I am considering to use DTOs instead of passing around my domain objects. I have read several posts here as well as elsewhere, and i understand there are several approaches to getting this done.
If i only have about 10 domain classes in all, and considering that i want to use DTOs rather than domain objects for consumption in my Views (WPF front ends), what is the recommended approach.
I think using tools like automapper etc maybe an overkill for my situation. So i am thinking of writing my custom mapper class that will have methods for converting a domain type to a DTO type.
What is the best way to do this, are there any sample to get me started to do this?
Second question: When writing those methods that will create DTOs, how do i deal with setting up all the data, especially when the domain type has references to other domain objects? Do i write equivalent properties in the DTO for mapping to those refernece types in the domain class?
Please ask if i have not put my second question in proper words. But i think you understand what i am trying to ask.
Thrid question: When writing DTOs, should i write multiple DTOs, each containing partial data for a given domain model, so that each of it can be used to cater to a specific View's requirement, or should the DTO have all the data that are there in the corresponding model class.

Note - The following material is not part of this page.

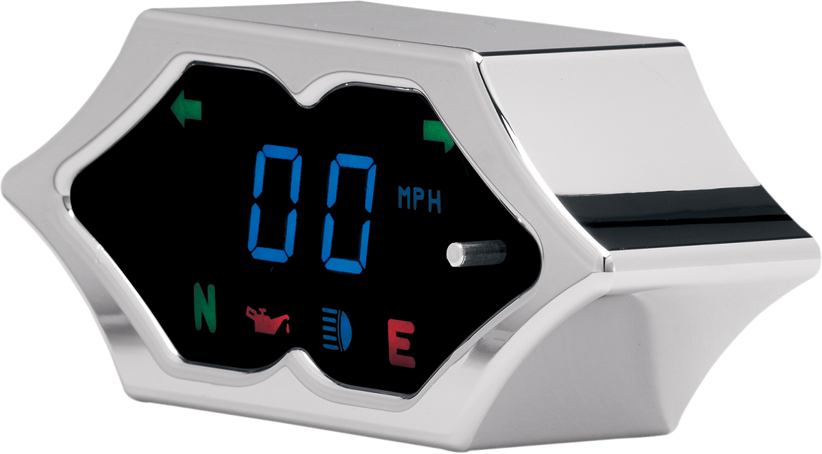 High-brightness readout is easy to read, even in direct sunlightAdjustable 0-255 mph/km/h speedometer with odometer and trip meterFeatures indicators for turn signals, high-beam, neutral, low oil pressure and check engineSending units and mounting brackets available separately for use with electronic or cable drive systems; handlebar clamp mounts for American IronHorse motorcycles allow gauges to be mounted above or below handlebars and include wiring harness that plugs directly into stock wiring

I've been reading a few posts here regarding DTO's and it seems to me that a lot of people equate them to what I would consider a ViewModel. A DTO is just that, Data Transfer Object - it's what gets passed down the wire. So I've got a website and services, only the services will have access to real domain/entity objects, and return DTO's. These may map 1:1, but consider that the DTO's may be populated from another service call, a database query, reading a config - whatever.
After that, the website then can take those DTO and either add them to a ViewModel, or convert into one. That ViewModel may contain many different types of DTO's. A simple example would be a task manager - the ViewModel contains both the task object you are editing, as well as a group of Dto.User objects that the task can be assigned to.
Keep in mind that the services returning DTO's maybe used by both a website, and maybe a tablet or phone application. These applications would have different views to take advantage of their displays and so the ViewModels would differ, but the DTO's would remain the same.
At any rate, I love these types of discussions, so anyone please let me know what you think.
Matt

I'm kind of using DTOs in a project. I tend to make the DTOs only to show the data I need for an specified view. I fetch all the data shown in the view in my data access class. For example, I may have an Order object which references a Client object:
public class Client{
public int Id{get;set;}
public string Name{get;set;}
}
public class Order{
public int OrderID{get;set;}
public Client client{get;set;}
public double Total{get;set;}
public IEnumerable<OrderLine> lines {get;set;}
}
Then in my OrderListDTO I may have something like:
public class OrderListDTO{
public int OrderId{get;set;}
public string ClientName{get;set;}
...
}
Which are the fields I want to show in my view. I fetch all these fields in my Database access code so I don't have to bother with entity asociations in my view or controller code.

Best Way to develop DTOs
The way to start developing DTOs is to understand that their sole purpose is to transfer subset of data of your business entities to different clients(could be UI, or an external service). Given this understanding you could create seperate packages for each client...and write your DTO classes. For mapping you could write your own mapper defining interfaces to be passed to a factory creating DTO objects based on which data from the entity for which the DTO is being created would be extracted. You could also define annotations to be placed on your entity fields but personally given the number of annotations used I would prefer the interface way. The main thing to note about DTOs is that they are also classes and data among the DTOs should be reused, in other words while it may seem tempting to create DTOs for each use case try to reuse existing DTOs to minimize this.
Getting started
Regarding getting started as stated above the sole purpose of the DTO is to give the client the data it needs....so you keeping in mind you could just set data into the dto using setters...or define a factory which creates a DTO from an Entity based on an interface.....
Regarding your third question, do as is required by your client :)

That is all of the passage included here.